Feeling lows but not saying anything?

We’re lucky our son feels his lows usually (not all of them but most of the time.) But, we’ve had a problem where, if we ask him if he feels high, low or in range, he is usually spot-on, but he doesn’t tell us he’s feeling that way unless we ask. I feel like if we can get him to make this leap (telling people he’s feeling low unprompted) we could avoid a lot of crashing lows at daycare and when he’s with other caregivers. This is especially important because our bedrock teacher, who’s super sharp and always on top of his trends, is leaving our preschool and the teachers left to care for him are less experienced and (seemingly) less intuitive about things.

We keep telling him that if he feels that way, he should come tell us or a teacher, but so far he hasn’t really done that. Any ideas for how to help him make that leap?

I could be wrong about this, but I wonder if he doesn’t really identify that the way he’s feeling at a moment in time is low, high, or in range until you ask? I’m just wondering if he’s reached an age where he could be able to make that connection before you ask about it, or if you asking actually makes him think about it and realize that he’s feeling a certain way because he’s low or high.

I wonder if talking about how he’s feeling (in addition to being low, high, etc.) more often might help him jump to making the connection on his own? You may already be doing this, so not sure I’m helping much. Unfortunately, I can’t think of any other suggestions at the moment. I’ll keep trying though :slight_smile:

2 Likes

@TiaG You also need to take I.to account the psychological effect of hypoglycemia.

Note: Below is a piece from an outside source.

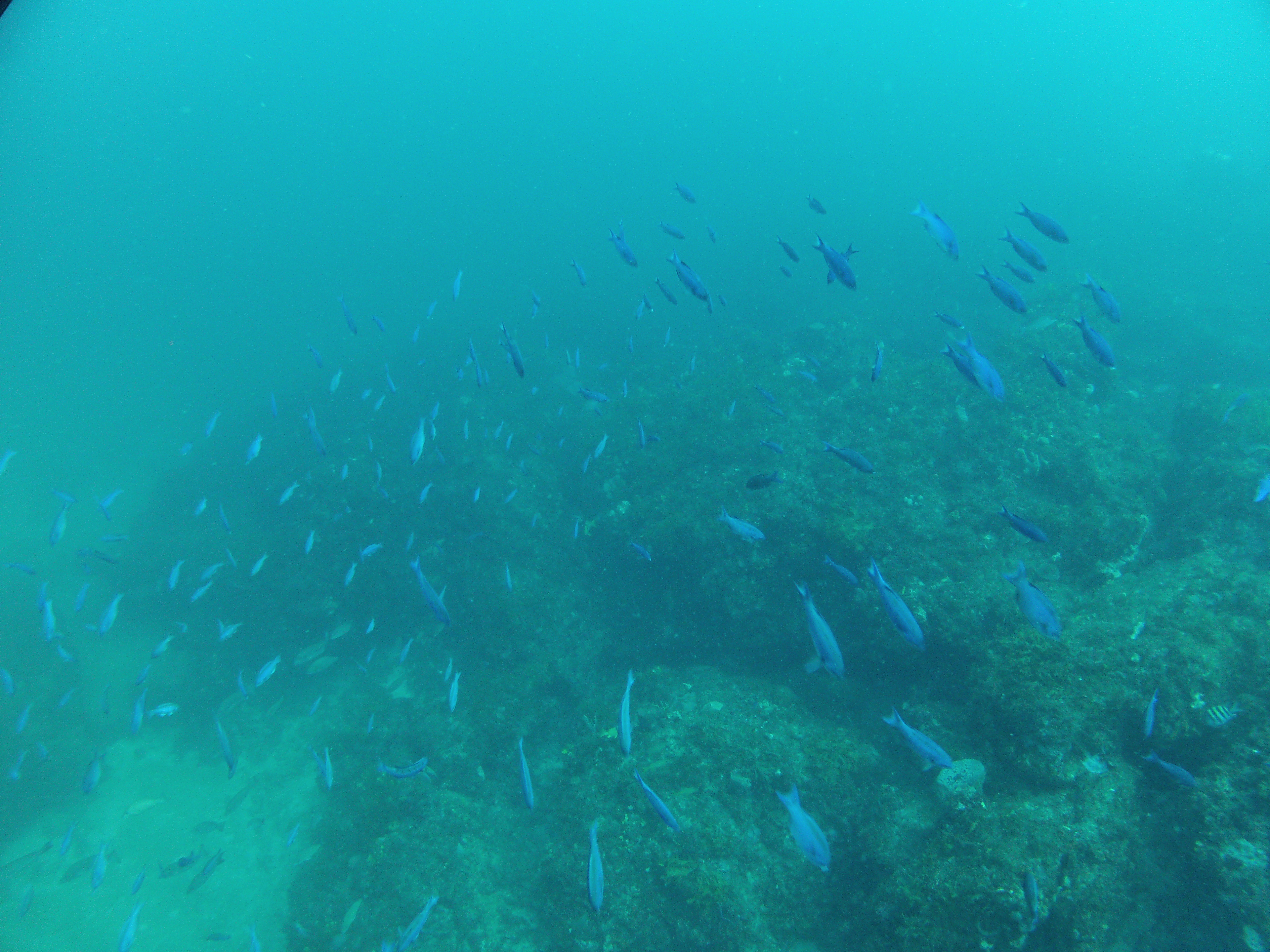 Jupiter FL Boat Dive-August 2014 Posted on August 30, 2014 by H&R SCUBA School of beautiful blue fish in the ocean.

For instance, if I feel low I’d just as soon argue with my wife when she says I’m low than treat the low.

It’s good to teach him now. Maybe he can avoid the reaction.

2 Likes

This is a good point. I often argue with my Libre (in my head…so far…:wink: ) when it’s telling me to check my BG because I’m going low. I’m realizing I’m incredibly resistant to acknowledging and dealing with anything when low.

1 Like

How about some kind of reward system? Like if he says he is high or low, and he is right, he can get some allowance bonus or something else he might want?

Part of the problem - which I know can affect kids with things besides diabetes - is that they always know parents will fix it for them.

I know that you can’t just ignore the highs or lows, you have to go to him and correct it. But I can totally understand his perspective!

"I am having so much fun playing right now. I don’t want to stop and get juice or insulin. My parents will fix it for me…I will keep playing, because I don’t want to stop! "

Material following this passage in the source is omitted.